Ghrelin-induced GH secretion in domestic fowl in vivo and in vitro
Bibliographic record
Abstract
Although avian and mammalian species differ significantly in their regulation of GH secretion, preliminary studies have demonstrated in vivo GH responses to ghrelin in chickens, as in mammals. However, the relative potency of ghrelin as a GH-releasing hormone (GHRH) in birds is uncertain, as is its site of action. The intravenous administration of human ghrelin to immature chickens promptly increased the circulating GH concentration (within 10 min), although this was transitory and was only maintained for 20 min. This GH response was dose-related with an EC50 of approximately 3.0 microg/kg, comparable with the reported potency of human GHRH in chickens. When incubated with dispersed pituitary cells, human ghrelin induced dose-dependent GH release over a range of 10(-6) to 10(-9) M, with an EC50 of 7.0 x 10(-8) M, comparable with that induced by human GHRH (EC50 6.0 x 10(-8) M), although it was less effective at doses of 10(-6) to 10(-8) M. This was due to direct effects on pituitary somatotrophs, since human ghrelin increased GH release (determined by the reverse hemolytic plaque assay) from individual pituitary cells. The incubation of these cells with human ghrelin induced a dose-dependent increase in the numbers of somatotrophs secreting GH and in the amount of GH released by each cell. In summary, these results demonstrated that ghrelin is a dose-related GH-releasing factor in chickens with a potency comparable with that induced by human GHRH. The GH-releasing action of ghrelin is due, at least in part, to stimulatory actions on the numbers of somatotrophs induced to release GH and upon the amount of GH released from individual somatotrophs.

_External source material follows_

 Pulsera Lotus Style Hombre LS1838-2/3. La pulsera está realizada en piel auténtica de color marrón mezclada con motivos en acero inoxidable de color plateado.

Fetched live from OpenAlex and de-inverted. Abstracts are not stored in this database: the inverted indexes are 8.6 GB of the frame’s 9.3 GB of text, and the host has 13 GB free.

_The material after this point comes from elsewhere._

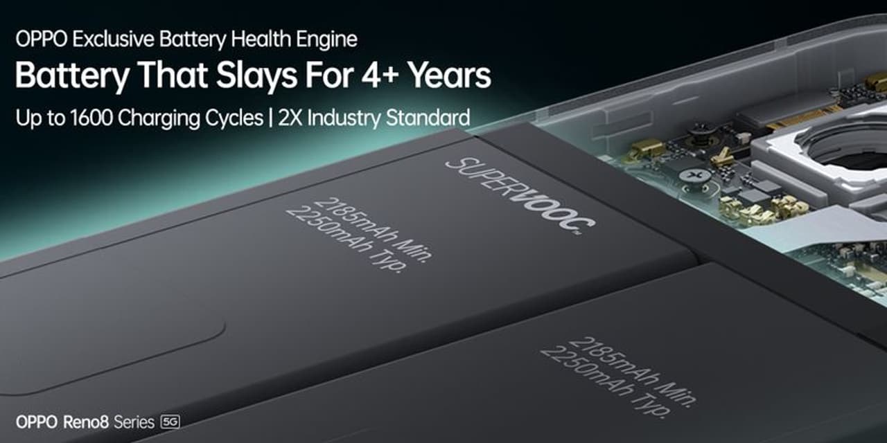 പെർഫോമൻസിൽ മികവ് തുടരുമ്പോഴും ബാറ്ററിയിൽ കോംപ്രമൈസ് വരുത്തിയിട്ടില്ല ഓപ്പോ എന്നത് ശ്രദ്ധേയമാണ്. ഫ്ലാഷ് ചാർജ് എന്ന അതിവേഗ ചാർജിങ് സംവിധാനം റെനോ8-ന് നൽകുന്നത് 80W SUPERVOOC ബാറ്ററിയാണ്. 4500 mAh ബാറ്ററി 50% ചാർജിൽ എത്താൻ വെറും 11 മിനിറ്റ് മതി. വെറും 28 മിനിറ്റിൽ ഫോൺ മുഴുവനായും ചാർജ് ആകും. സ്ഥിരതയുള്ള ബാറ്ററിയാണ് ഓപ്പോയുടെ വാഗ്ദാനം - 1,600 ചാർജിങ്ങുകൾക്ക് ഈ ബാറ്ററിക്ക് ശക്തിയുണ്ട്. നാല് വർഷം പീക് പെർഫോമൻസ് നൽകുന്ന Battery Health Engine സാങ്കേതികവിദ്യയാണ് ഓപ്പോ അവതരിപ്പിക്കുന്നത്.

How this classification was reachedexpand
Full frame distilled prediction
Teacher imitationNot calibrated prevalence, not ground truth. Human validation pending. Learned from the 10,348 direct Codex labels and 10,348 direct Gemma labels. Candidate is the union of thresholded teacher heads; consensus is their intersection. These outputs are machine_predicted_unvalidated and are not human labels or direct frontier model labels.
Codex and Gemma teacher scores by category
| Category | Codex | Gemma |
|---|---|---|
| Metaresearch | 0.000 | 0.001 |
| Meta-epidemiology (narrow) | 0.000 | 0.000 |
| Meta-epidemiology (broad) | 0.000 | 0.000 |
| Bibliometrics | 0.001 | 0.000 |
| Science and technology studies | 0.000 | 0.000 |
| Scholarly communication | 0.000 | 0.000 |
| Open science | 0.000 | 0.000 |
| Research integrity | 0.000 | 0.000 |
| Insufficient payload (model declined to judge) | 0.000 | 0.000 |
Machine scores (provisional)
The two teacher heads of the student model, read on this work. A score orders the frame for review; it never asserts a category, and the validation status ships verbatim with every row.

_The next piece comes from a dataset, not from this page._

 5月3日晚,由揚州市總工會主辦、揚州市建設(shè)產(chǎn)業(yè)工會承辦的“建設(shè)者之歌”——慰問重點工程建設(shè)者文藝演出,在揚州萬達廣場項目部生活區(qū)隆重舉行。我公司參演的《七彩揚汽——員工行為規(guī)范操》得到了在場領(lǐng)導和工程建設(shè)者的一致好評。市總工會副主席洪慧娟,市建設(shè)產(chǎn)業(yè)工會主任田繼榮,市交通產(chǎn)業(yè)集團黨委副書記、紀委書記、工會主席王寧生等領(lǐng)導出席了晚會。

Baseline scores from an immature model (maturity gate not passed, 7 training rounds). Scores rank; they never assert a category.
score_only:v0-immature-baseline · verbatim from the scoring run: score_only means the number may rank works, and no category label ships from itClassification
machine, unvalidatedMachine predicted; a candidate call from one teacher head, not a consensus.
How this classification was reached, model by model and score by score, is at the end of the page under "How this classification was reached".